Work item
If pictures appear among the lines below, leave them out while you return exactly the lines from the one with "The Rose flat" through the one with "A씨가 몰던 차량의 속도는".

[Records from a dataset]
• • • •

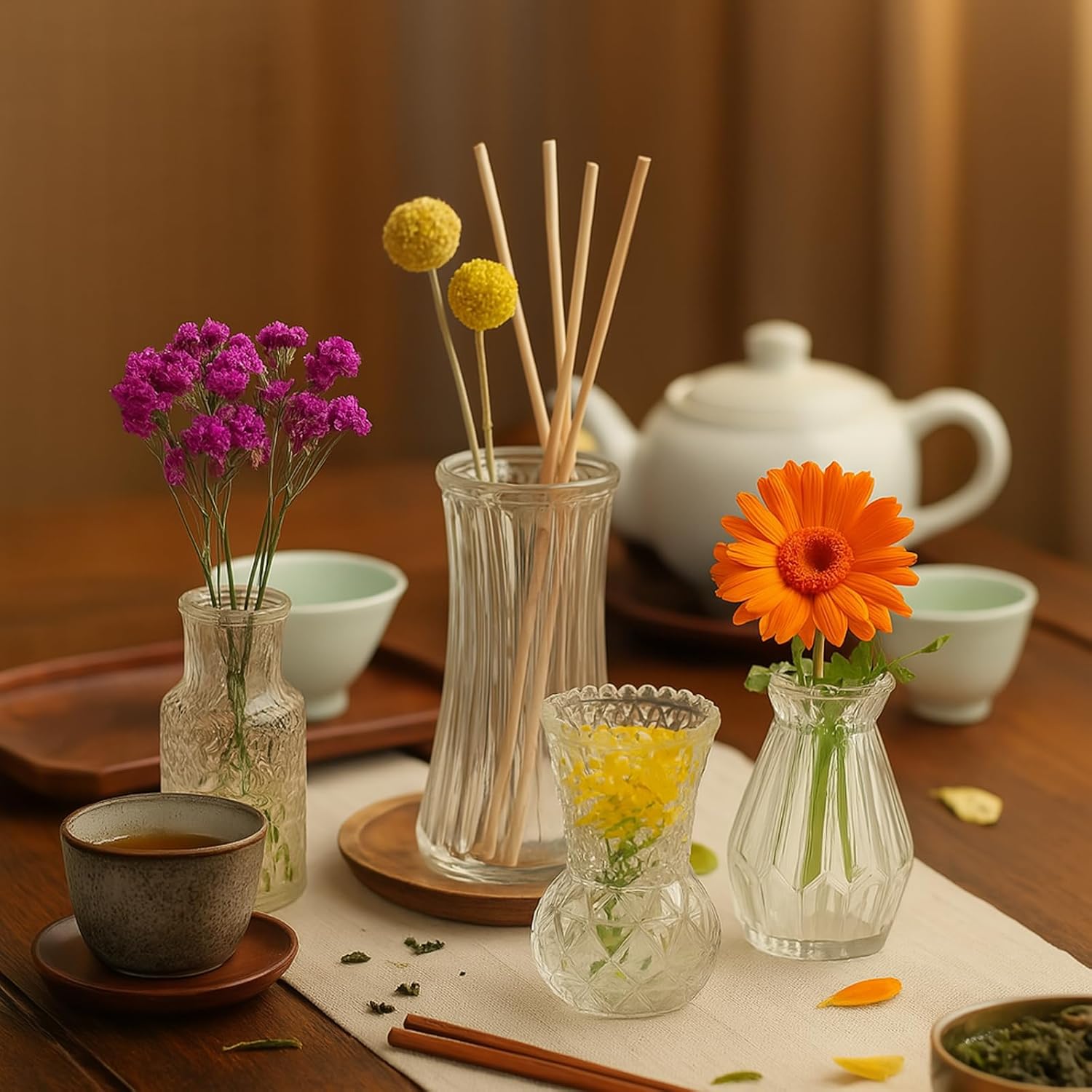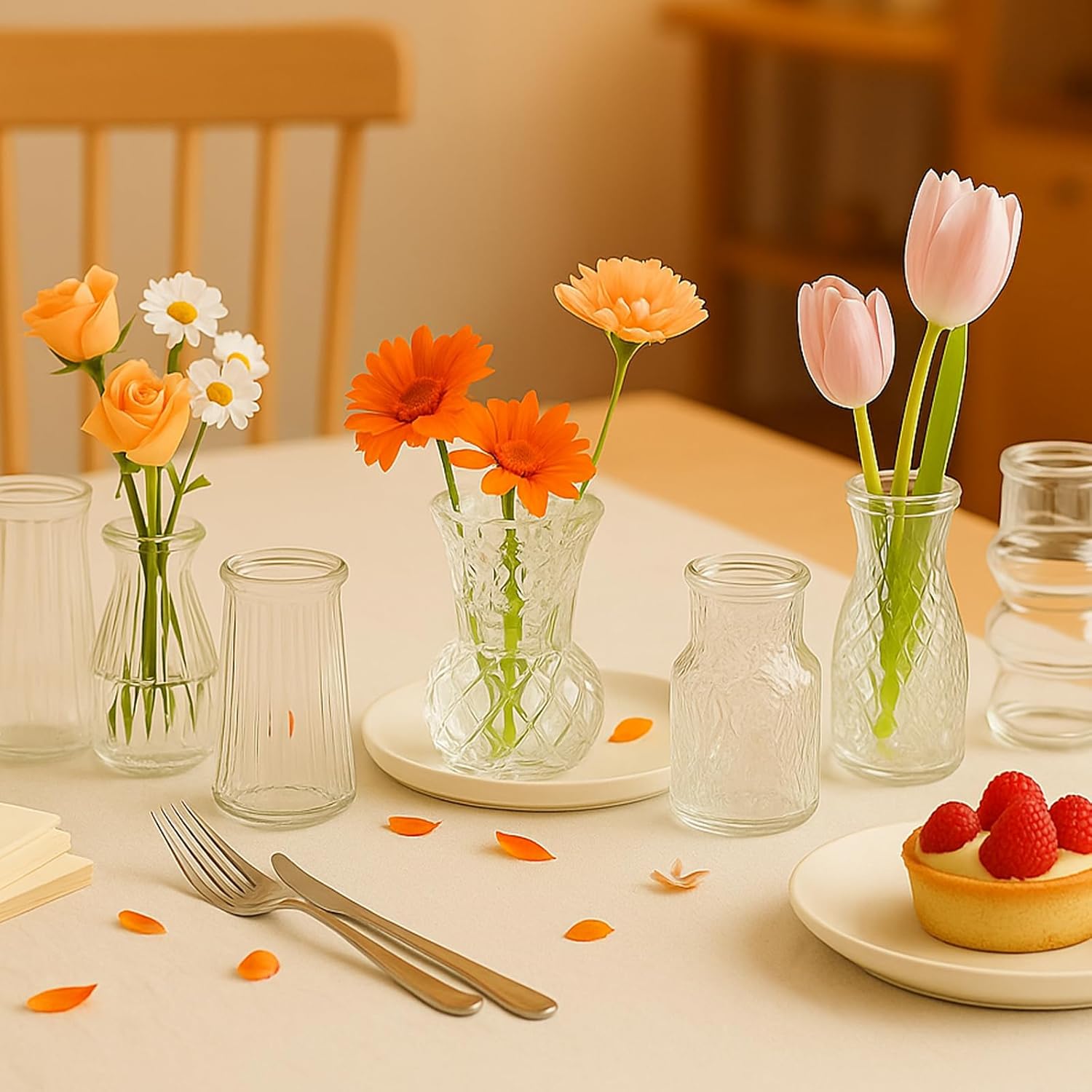 - Versatile Decoration: These clear glass vases can be used for fresh flowers, silk flowers, dried flowers, greenery, branches, feathers, or other decorations. Fill these bud vases with essential oils to enjoy your favorite fragrance. You can insert any kind of flowers or greens to make your home look bright and cozy.
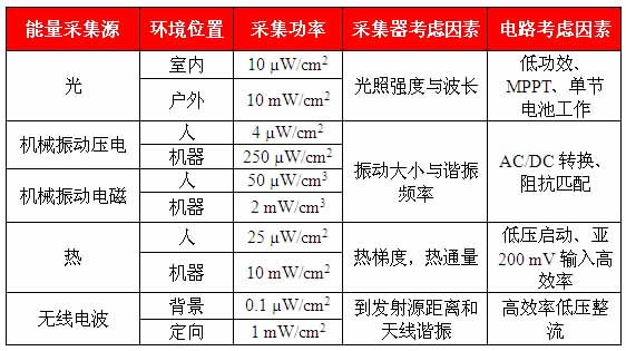 3)振動(dòng):振動(dòng)能量采集器通過電磁或者壓電方法利用振動(dòng)機(jī)械能,從而產(chǎn)生電能。
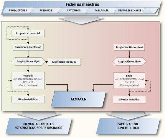 De forma básica podemos apreciar que los Ficheros maestros alimentan el Sistema de producción. Éste tiene a la izquierda los procedimientos dirigidos a la recogida de residuos y a la derecha los destinados al envío a gestores finales. Por último, todo el sistema alimenta a potentes programas de Facturación y Contabilidad y nos permite obtener los Informes anuales que deben presentarse a la Administración.
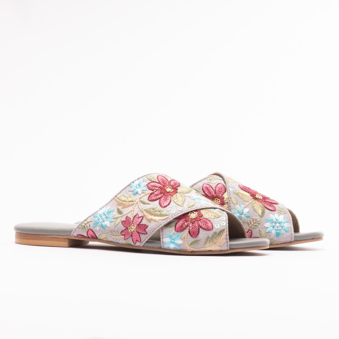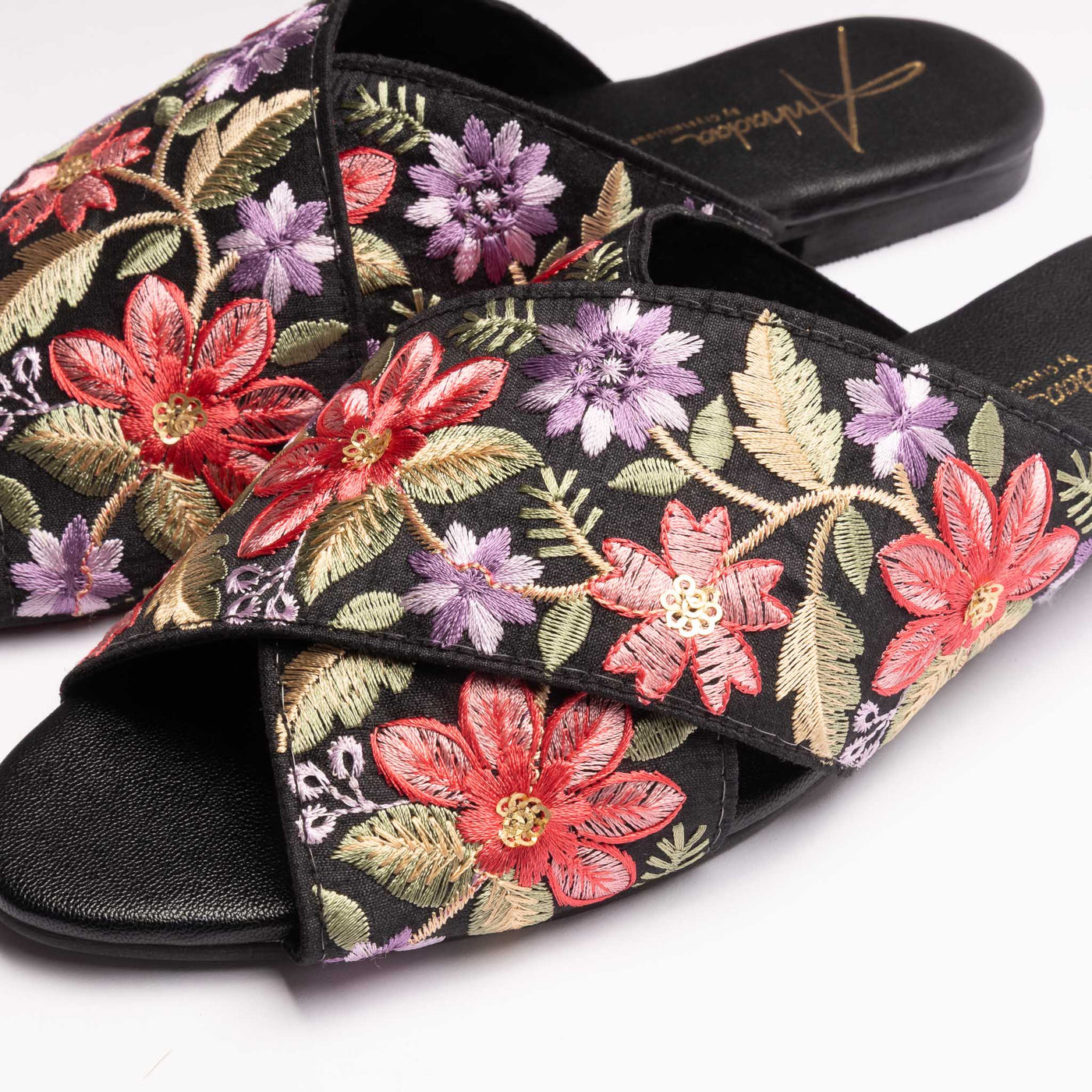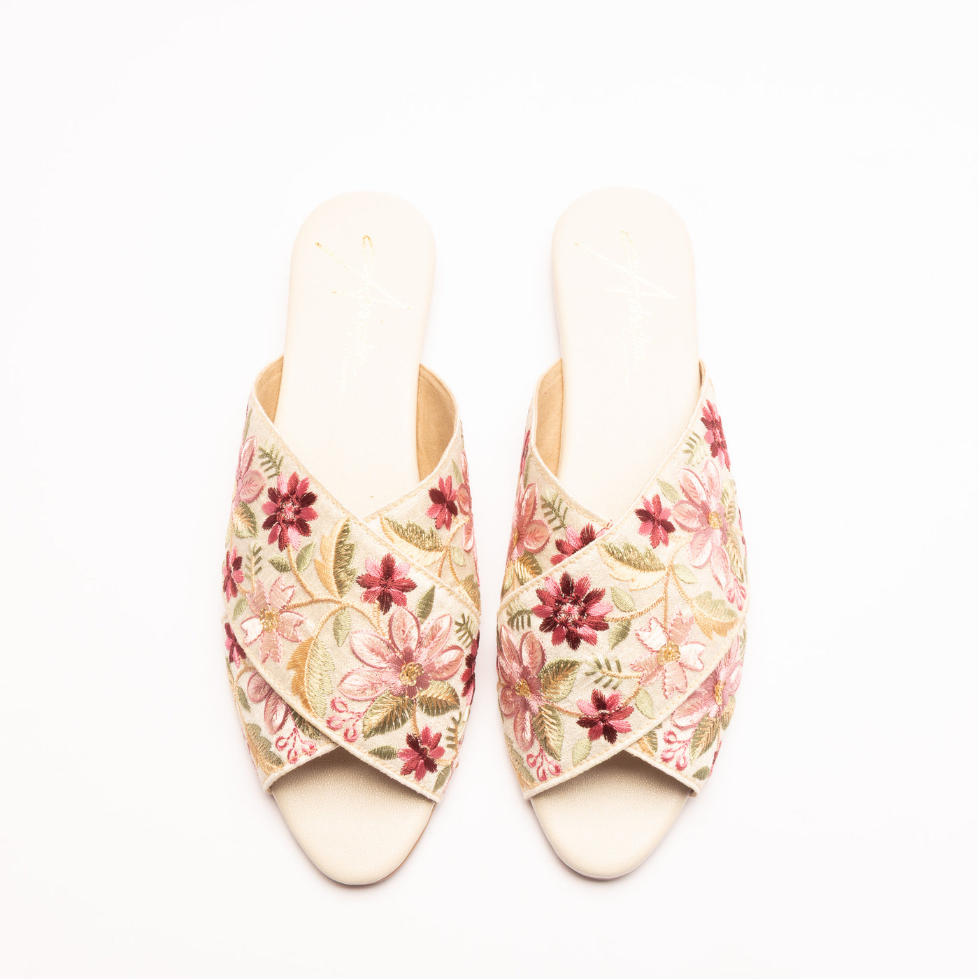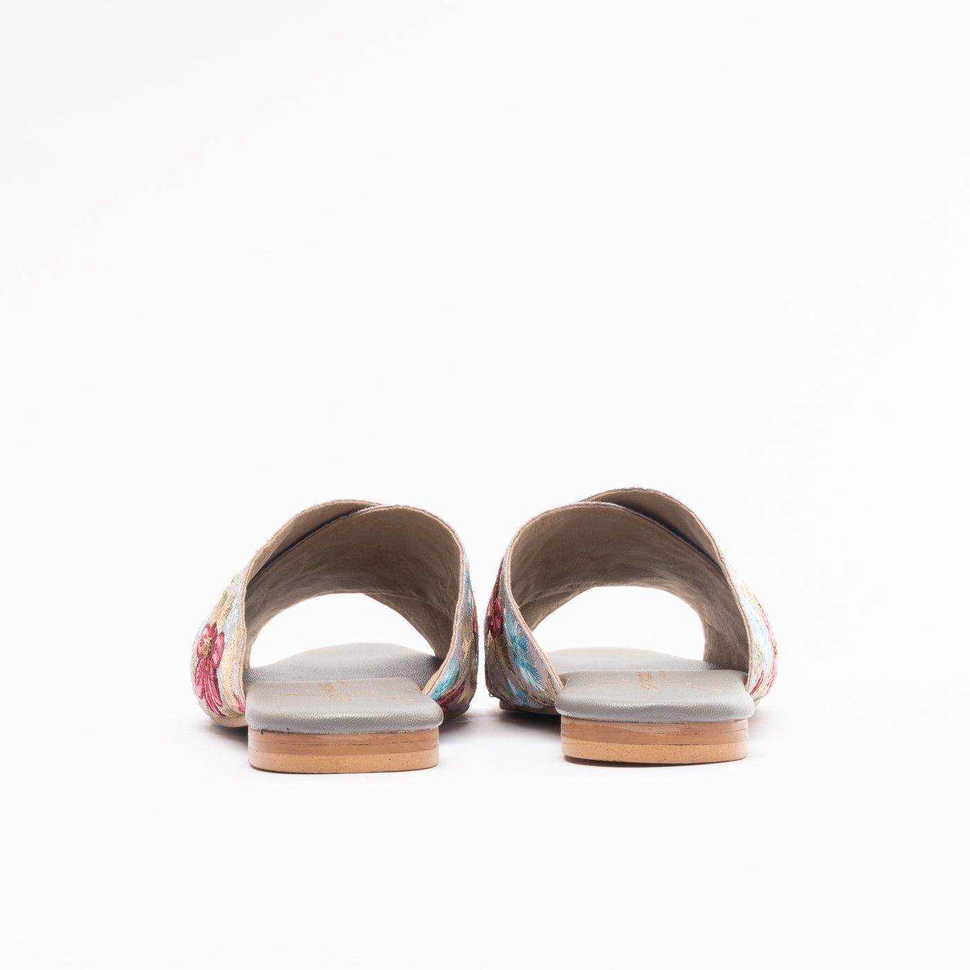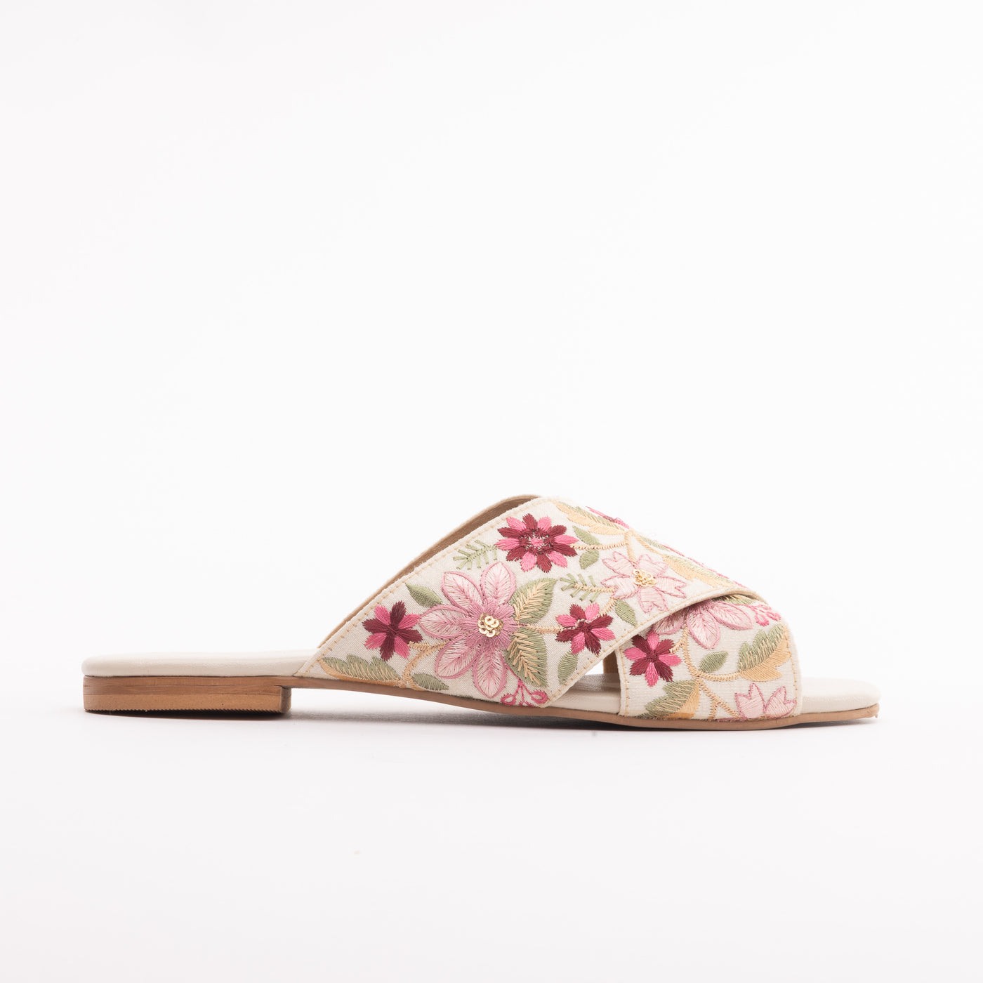 The Rose flat mule captures the essence of feminine elegance with its intricately embroidered lace upper and timeless silhouette. Designed for versatility, it transitions effortlessly from daywear to evening chic, making it a perfect companion for every occasion.
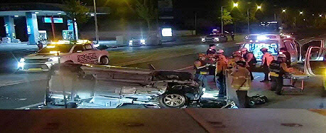 A씨가 몰던 차량의 속도는 무려 시속 159㎞였고, 사고 충격으로 스파크 차량이 뒤집혔다.
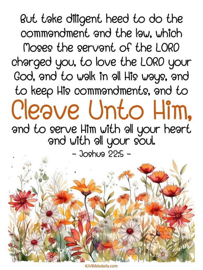 Joshua 22:5 KJV Share this:Tweet Click to share on WhatsApp (Opens in new window) WhatsApp Click to print (Opens in new window) Print Click to share on Reddit (Opens in new window) Reddit Click to email a link to a friend (Opens in new window) Email Share on TumblrPocket Click to share on Telegram (Opens in new window) Telegram Like Loading... Related
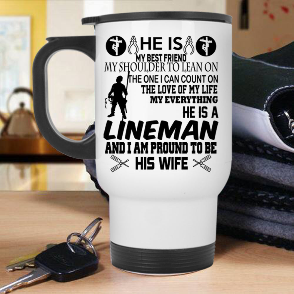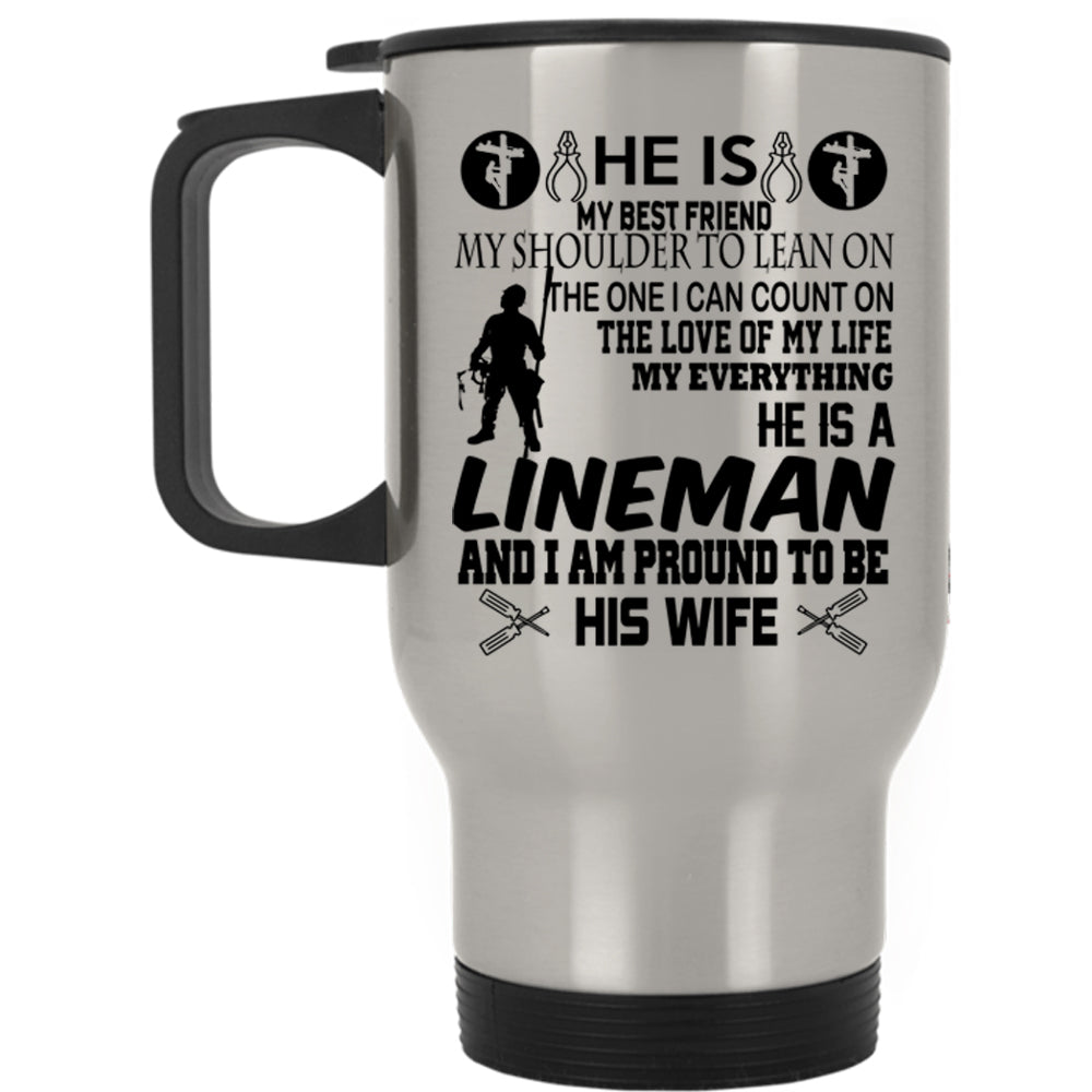 I Am Phoud To Be His Wife Travel Mug, He Is A Lineman Mug

• • • •

Output of the task
 The Rose flat mule captures the essence of feminine elegance with its intricately embroidered lace upper and timeless silhouette. Designed for versatility, it transitions effortlessly from daywear to evening chic, making it a perfect companion for every occasion.
 A씨가 몰던 차량의 속도는 무려 시속 159㎞였고, 사고 충격으로 스파크 차량이 뒤집혔다.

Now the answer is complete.